We will now have a second Cell which runs that newly created Python file:

&nbsp;&nbsp;&nbsp;&nbsp;_Note: the following cell works on my Windows computer.  But on my Mac, the line looks a little different:_

&nbsp;&nbsp;&nbsp;&nbsp;_!python word_count.py -r local alice.txt_

In [None]:
!python word_count.py alice.txt

Be sure to run that Cell as well.

Congratulations, you just ran a MapReduce job!

You can experiment with this a bit, changing it to run Sherlock.txt or montecristo.txt.

## Analyzing the Results

This code ran fine, and we have some results.  

Later we will look at other ways to present the results.

But first we need to do some clean-up.

As I was looking through the results, I found some problems with the data, there were some unfortunate issues with the data:

* If a word is capitalized some places, and not others, that would count as two separate words.  But we would like to ignore the capitalization, we want them to count as one word.

* There are some punctuation characters that are cluttering up the data.  I see, for example, that 'reply', 'reply,', and 'reply.' are in there, being counted as 3 separate words.

* Some compound words include hyphens.  These are a little problematic -- if we simply throw the hyphens away, then the two words are joined into one word, which will look a little odd.  If we convert the hyphens to spaces, the words will be split into two separate words.

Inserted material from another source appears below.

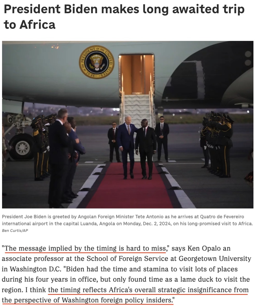 美國華盛頓特區(qū)喬治城大學(xué)外交學(xué)院副教授肯·奧帕羅認(rèn)為,拜登在即將卸任時(shí)才抽出時(shí)間訪問非洲地區(qū),“從華盛頓外交政策內(nèi)部人士的角度來看,這個(gè)時(shí)機(jī)反映了非洲在美國總體戰(zhàn)略中的不重要性”。

* There are also Unicode characters appearing in the words.  These show up as '\u' followed by 4 hexadecimal characters (which are 0-9 and A-F).

* The start of the file has some extra characters and so on, which aren't actually part of the document.

The problems here are specific to this dataset and this project.  For other situations, the data cleanup phase may not be required, or may have different issues.  The general concept is that we may need to do some cleanup of the data.

And there are a number of options:

* We can ignore the problem.

* We can discard entries that are incorrect.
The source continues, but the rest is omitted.